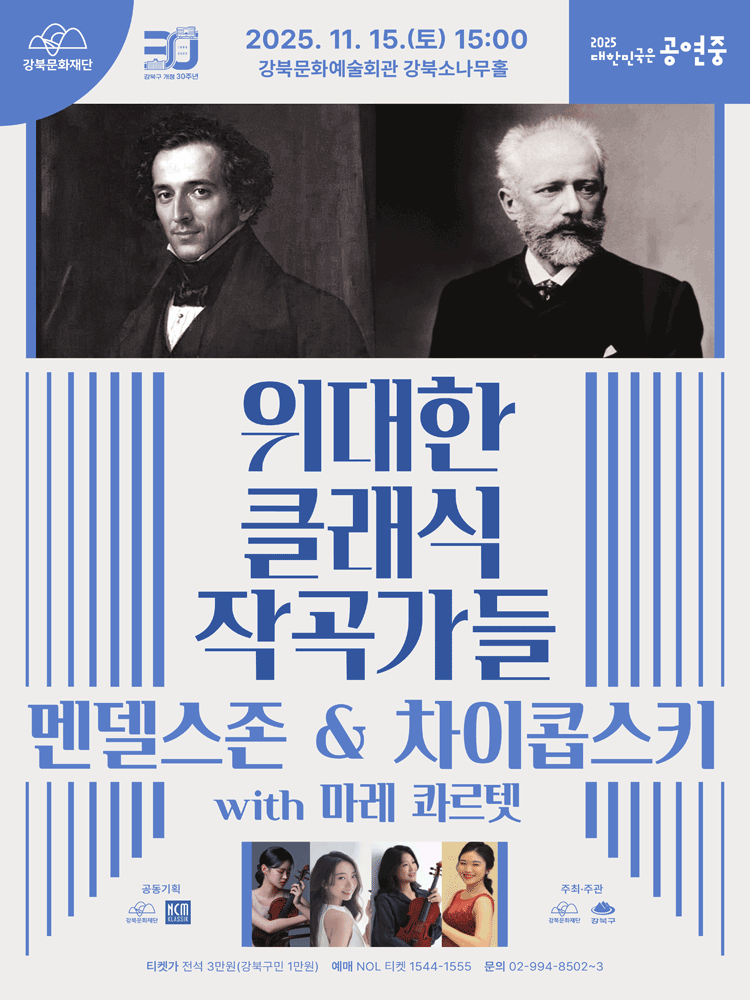 강북문화재단과 NCM Klassik이 공동 기획한 무대에서, 멘델스존과 차이콥스키의 대표 현악사중주가 마레 콰르텟의 정교하고 깊이 있는 해석으로 펼쳐진다. 프로그램은 1부 〈멘델스존: 현악사중주 제6번 F단조 Op.80〉, 2부 〈차이콥스키: 현악사중주 제1번 D장조 Op.11〉로 구성된다. 작곡가의 천재성과 음악적 깊이는 네 연주자의 풍성한 음향과 정교한 앙상블을 통해 고급스러운 감동으로 전해진다.
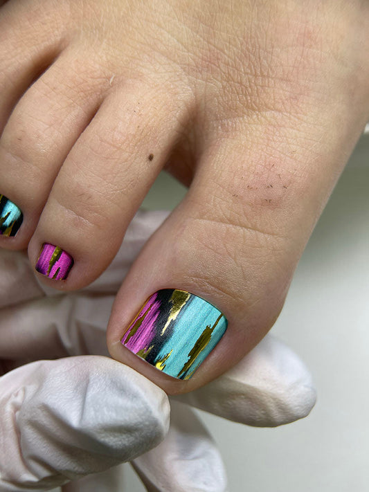 Pedicure Strokes: Pink, Blue, Green, and Black. Gold Foil. Large. Nail wrap WB-703
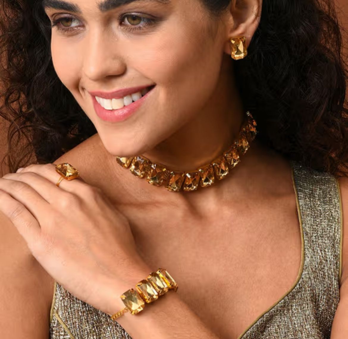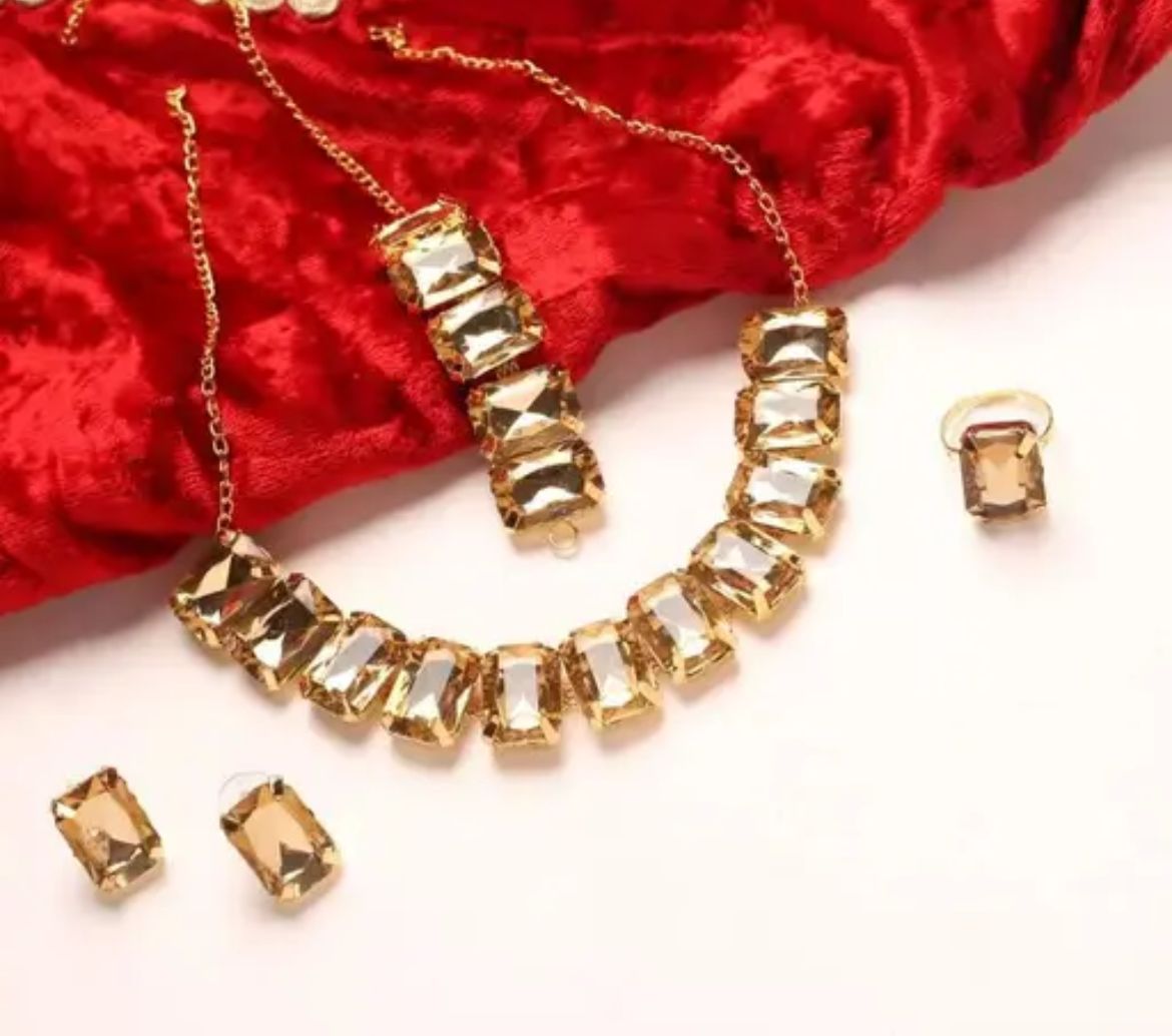 Beautiful Shimmering Korean Crystal Necklace Set With Earings Bracelets And Finger Rings For Women Golden SR_547
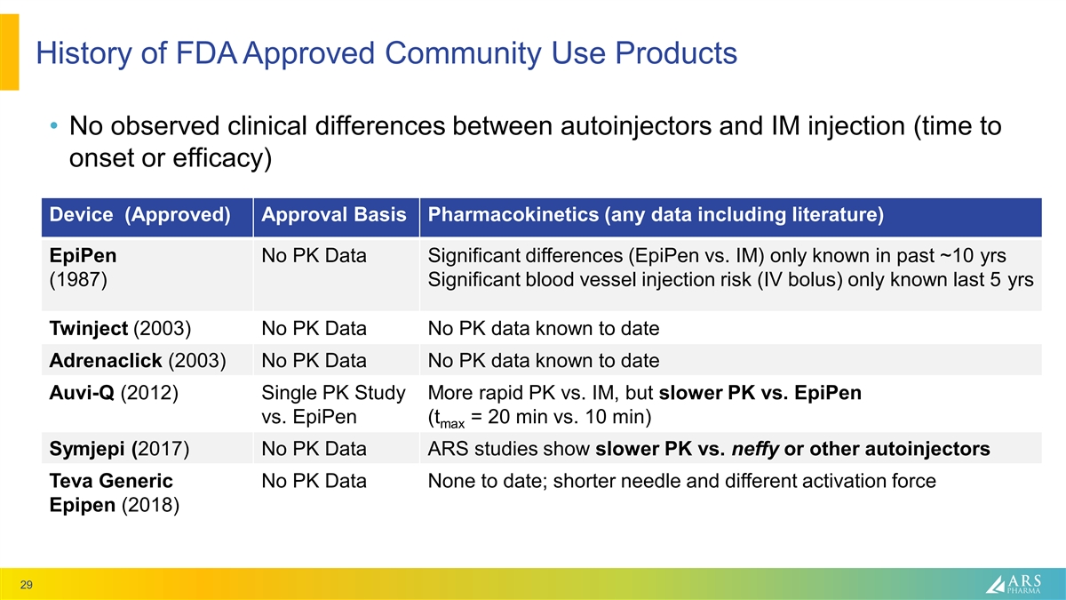 History of FDA Approved Community Use Products • No observed clinical differences between autoinjectors and IM injection (time to onset or efficacy) Device (Approved) Approval Basis Pharmacokinetics (any data including literature) EpiPen No PK Data Significant differences (EpiPen vs. IM) only known in past ~10 yrs (1987) Significant blood vessel injection risk (IV bolus) only known last 5 yrs Twinject (2003) No PK Data No PK data known to date Adrenaclick (2003) No PK Data No PK data known to date Auvi-Q (2012) Single PK Study More rapid PK vs. IM, but slower PK vs. EpiPen vs. EpiPen (t = 20 min vs. 10 min) max Symjepi (2017) No PK Data ARS studies show slower PK vs. neffy or other autoinjectors Teva Generic No PK Data None to date; shorter needle and different activation force Epipen (2018) 29
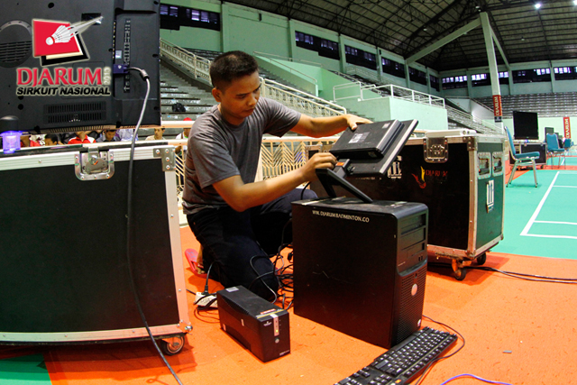 Salah satu anggota tim Live Score saat memasang perangkat kerjanya.

=======

_WHAT TO WORK ON:_ The lines wanted run from the line containing "Pedicure Strokes: Pink, Blue, Green, and" through the end of the entries; return them exactly, both ends included, and keep pictures out.

_RESULT OF THIS EXERCISE:_
 Pedicure Strokes: Pink, Blue, Green, and Black. Gold Foil. Large. Nail wrap WB-703
 Beautiful Shimmering Korean Crystal Necklace Set With Earings Bracelets And Finger Rings For Women Golden SR_547
 History of FDA Approved Community Use Products • No observed clinical differences between autoinjectors and IM injection (time to onset or efficacy) Device (Approved) Approval Basis Pharmacokinetics (any data including literature) EpiPen No PK Data Significant differences (EpiPen vs. IM) only known in past ~10 yrs (1987) Significant blood vessel injection risk (IV bolus) only known last 5 yrs Twinject (2003) No PK Data No PK data known to date Adrenaclick (2003) No PK Data No PK data known to date Auvi-Q (2012) Single PK Study More rapid PK vs. IM, but slower PK vs. EpiPen vs. EpiPen (t = 20 min vs. 10 min) max Symjepi (2017) No PK Data ARS studies show slower PK vs. neffy or other autoinjectors Teva Generic No PK Data None to date; shorter needle and different activation force Epipen (2018) 29
 Salah satu anggota tim Live Score saat memasang perangkat kerjanya.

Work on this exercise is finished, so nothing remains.